Perciò di Nostra certa scienza, Regia autorità, avuto il parere del Nostro Consiglio, abbiamo ordinato ed ordiniamo in forza di Statuto e Legge fondamentale, perpetua ed irrevocabile della Monarchia, quanto segue:

Art. 1. - La Religione Cattolica, Apostolica e Romana è la sola Religione dello Stato. Gli altri culti ora esistenti sono tollerati conformemente alle leggi.
Art. 2. - Lo Stato è retto da un Governo Monarchico Rappresentativo. Il Trono è ereditario secondo la legge salica.
Art. 3. - Il potere legislativo sarà collettivamente esercitato dal Re e da due Camere: il Senato, e quella dei Deputati.
Art. 4. - La persona del Re è sacra ed inviolabile.
Art. 5. - Al Re solo appartiene il potere esecutivo. Egli è il Capo Supremo dello Stato: comanda tutte le forze di terra e di mare; dichiara la guerra: fa i trattati di pace, d'alleanza, di commercio ed altri, dandone notizia alle Camere tosto che l'interesse e la sicurezza dello Stato il permettano, ed unendovi le comunicazioni opportune. I trattati che importassero un onere alle finanze, o variazioni di territorio dello Stato, non avranno effetto se non dopo ottenuto l'assenso delle Camere.
Art. 6. - Il Re nomina a tutte le cariche dello Stato; e fa i decreti e regolamenti necessarii per l'esecuzione delle leggi, senza sospenderne l'osservanza, o dispensarne.
Art. 7. - Il Re solo sanziona le leggi e le promulga.
Art. 8. - Il Re può far grazia e commutare le pene.
Art. 9. - Il Re convoca in ogni anno le due Camere: può prorogarne le sessioni, e disciogliere quella dei Deputati; ma in quest'ultimo caso ne convoca un'altra nel termine di quattro mesi.
Art. 10. - La proposizione delle leggi apparterrà al Re ed a ciascuna delle due Camere. Però ogni legge d'imposizione di tributi, o di approvazione dei bilanci e dei conti dello Stato, sarà presentata prima alla Camera dei Deputati.
Art. 11. - Il Re è maggiore all'età di diciotto anni compiti.
Art. 12. - Durante la minorità del Re, il Principe suo piú prossimo parente, nell'ordine della successione al trono, sarà Reggente del Regno, se ha compiti gli anni vent'uno.

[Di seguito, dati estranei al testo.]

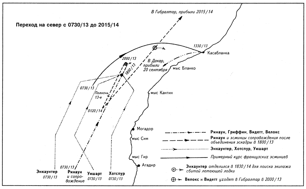 «Если бы англичане пожелали вмешаться, события могли пойти по двум вариантам: а. «Ринаун» и эсминцы блокируют путь. В этом случае нужно вспомнить, что адмирал Бурра-ге приказал крейсеру «Примоге» повернуть назад. Точно так же и он сам мог отойти в Алжир или даже в Тулон вместо Мерс-эль-Кебира. b. «Ринаун» начал бы погоню. Он просто увеличил бы скорость и ушел в Касабланку. Я часто встречал адмирала Бурраге и других офицеров Соединения Y. Разумеется, мы обсуждали различные подробности дела в Дакаре, но мы ни разу не рассматривали перспективы боя в Гибралтарском проливе 11 сентября. Адмирал Бурраге желал любой ценой избежать боя с англичанами. И если адмирал Дарлан позже снял его за недостаточную агрессивность, то потом быстро одумался, произвел Бурраге в вице-адмиралы и назначил на важный пост. Поэтому я думаю, что, рассуждая объективно, можно прийти к выводу: адмирал Бурраге сделал бы все возможное, чтобы избегать боя до того момента, когда англичане откроют по нему огонь».Это заявление получает еще одно подтверждение, если здесь вообще нужны подтверждения. «Милан» не открыл ответный огонь даже после нескольких выстрелов по нему. Капитан Монрайс сбил летающую лодку «Лондон», но сделал это после серии грубейших провокаций. Тщательное расследование, проведенное французами, подтвердило это. Капитан 2 ранга Косте, служивший в штабе адмирала Ребуффеля в Касабланке, подтверждает, что все испытали облегчение, когда выяснилось, что корабли прошли пролив без боя. «Весь день после выхода в море Соединения Y мы страшно нервничали и испытали облегчение, когда обошлось без боя».
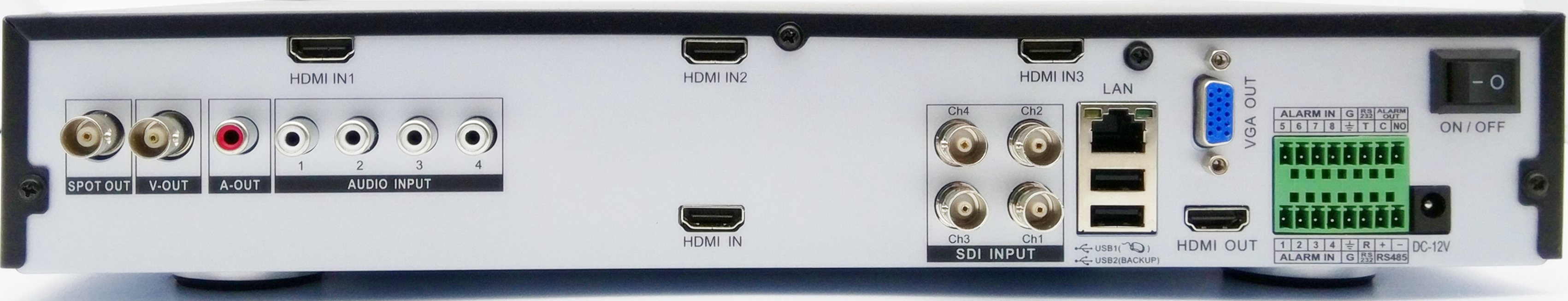 4 channels video input;Multi-signals displaying;Multiplayer network operation;Backups in USB device. |
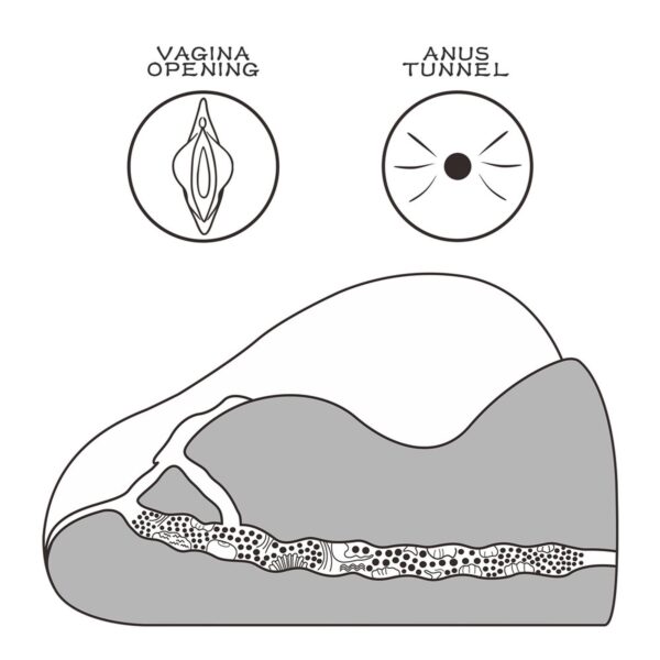 Pięknie zaprojektowany z ładnie rozłożoną pochwą i seksownymi różowawymi wargami sromowymi. Masturbator wykonany jest z ultra realistycznego materiału. Ciaśniutka szparka waginy oraz anus posiadają wewnątrz liczne prążki, które z dokładną precyzją czule wymasują penisa, dając uczucie prawdziwych doznań

Art. 13. - Se, per la minorità del Principe chiamato alla Reggenza, questa è devoluta ad un parente piú lontano, il Reggente, che sarà entrato in esercizio, conserverà la Reggenza fino alla maggiorità del Re.

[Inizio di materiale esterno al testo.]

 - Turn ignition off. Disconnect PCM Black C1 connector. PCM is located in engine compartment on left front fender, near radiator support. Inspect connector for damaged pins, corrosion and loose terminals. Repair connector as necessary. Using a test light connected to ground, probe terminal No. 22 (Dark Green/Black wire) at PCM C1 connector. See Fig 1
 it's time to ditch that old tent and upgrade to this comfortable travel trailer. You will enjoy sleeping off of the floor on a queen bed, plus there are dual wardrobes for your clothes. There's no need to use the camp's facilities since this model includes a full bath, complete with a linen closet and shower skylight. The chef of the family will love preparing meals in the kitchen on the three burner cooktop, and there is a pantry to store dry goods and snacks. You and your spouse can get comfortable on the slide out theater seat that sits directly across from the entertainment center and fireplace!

Art. 14. - In mancanza di parenti maschi, la Reggenza apparterrà alla Regina Madre.
Art. 15. - Se manca anche la Madre, le Camere, convocate fra dieci giorni dai Ministri, nomineranno il Reggente.
Art. 16. - Le disposizioni precedenti relative alla Reggenza sono applicabili al caso, in cui il Re maggiore si trovi nella fisica impossibilità di regnare. Però, se l'Erede presuntivo del trono ha compiuti diciotto anni, egli sarà in tal caso di pien diritto il Reggente.

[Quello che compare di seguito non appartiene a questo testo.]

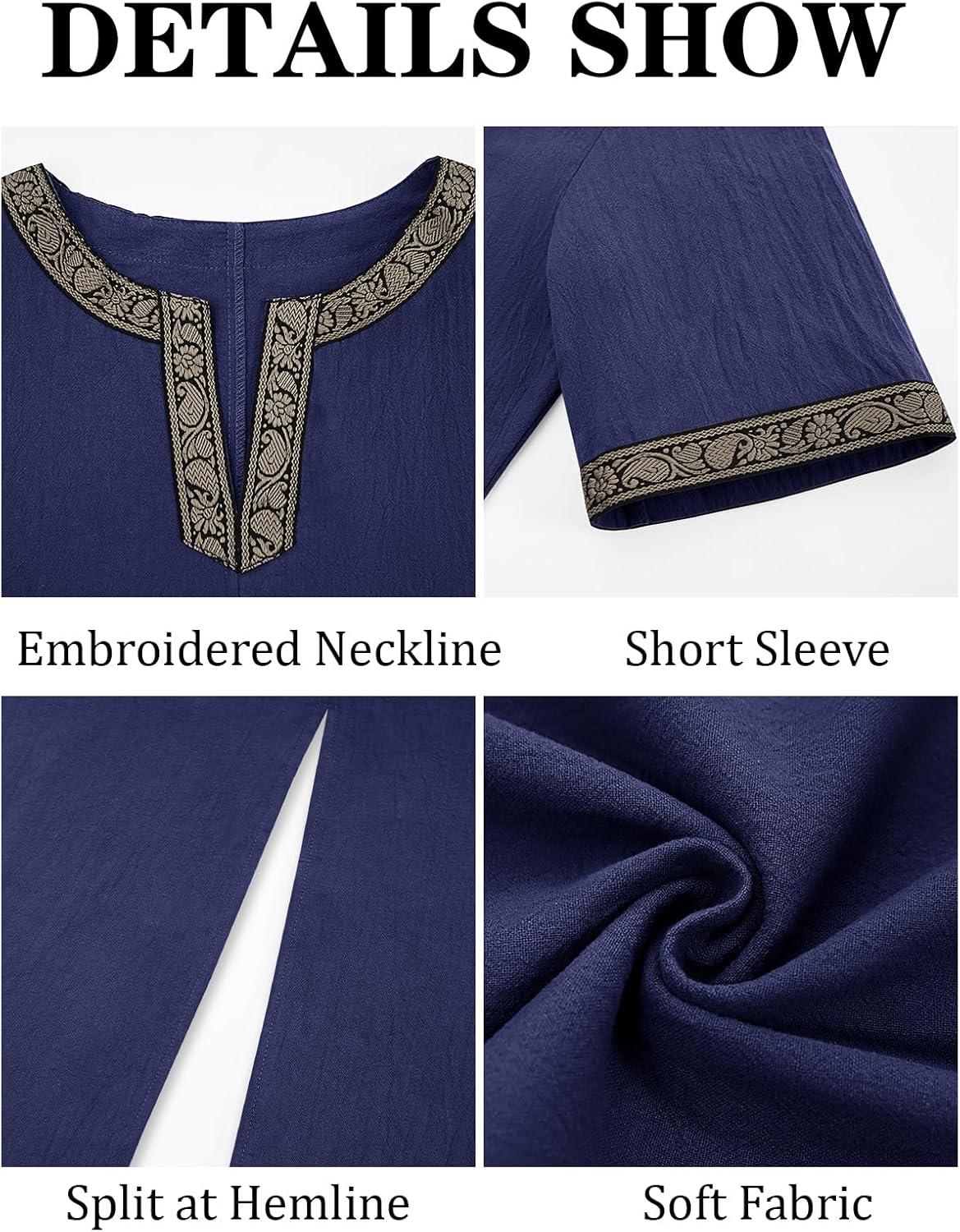 Runcati Mens Medieval Pirate Costume Tunic Renaissance Knight Warrior Viking LARP Halloween Tops(A-navy)

Art. 17. - La Regina Madre è tutrice del Re finché egli abbia compiuta l'età di sette anni; da questo punto la tutela passa al Reggente.
Art. 18. - I diritti spettanti alla podestà civile in materia beneficiaria, o concernenti all'esecuzione delle Provvisioni d'ogni natura provenienti dall'estero, saranno esercitati dal Re.
Art. 19. - La dotazione della Corona è conservata durante il regno attuale quale risulterà dalla media degli ultimi dieci anni.
Il Re continuerà ad avere l'uso dei reali palazzi, ville e giardini e dipendenze, non che di tutti indistintamente i beni mobili spettanti alla corona, di cui sarà fatto inventario a diligenza di un Ministro responsabile.
Per l'avvenire la dotazione predetta verrà stabilita per la durata di ogni Regno dalla prima legislatura, dopo l'avvenimento del Re al Trono.
Art. 20. - Oltre i beni, che il Re attualmente possiede in proprio, formeranno il privato suo patrimonio ancora quelli che potesse in seguito acquistare a titolo oneroso o gratuito, durante il suo Regno.
Il Re può disporre del suo patrimonio privato sia per atti fra vivi, sia  per testamento, senza essere tenuto alle regole delle leggi civili, che limitano la quantità disponibile. Nel rimanente il patrimonio del Re è soggetto alle leggi che reggono le altre proprietà.
Art. 21. - Sarà provveduto per legge ad un assegnamento annuo pel Principe ereditario giunto alla maggiorità, od anche prima in occasione di matrimonio; all'appannaggio dei Principi della Famiglia e del Sangue Reale nelle condizioni predette; alle doti delle Principesse; ed al dovario delle Regine.
Art. 22. - Il Re, salendo al trono, presta in presenza delle Camere riunite il giuramento di osservare lealmente il presente Statuto.
Art. 23. - Il Reggente prima d'entrare in funzioni, presta il giuramento di essere fedele al Re, e di osservare lealmente lo Statuto e le leggi dello Stato.

DEI DIRITTI E DEI DOVERI DEI CITTADINI

Art. 24. - Tutti i regnicoli, qualunque sia il loro titolo o grado, sono eguali dinanzi alla legge.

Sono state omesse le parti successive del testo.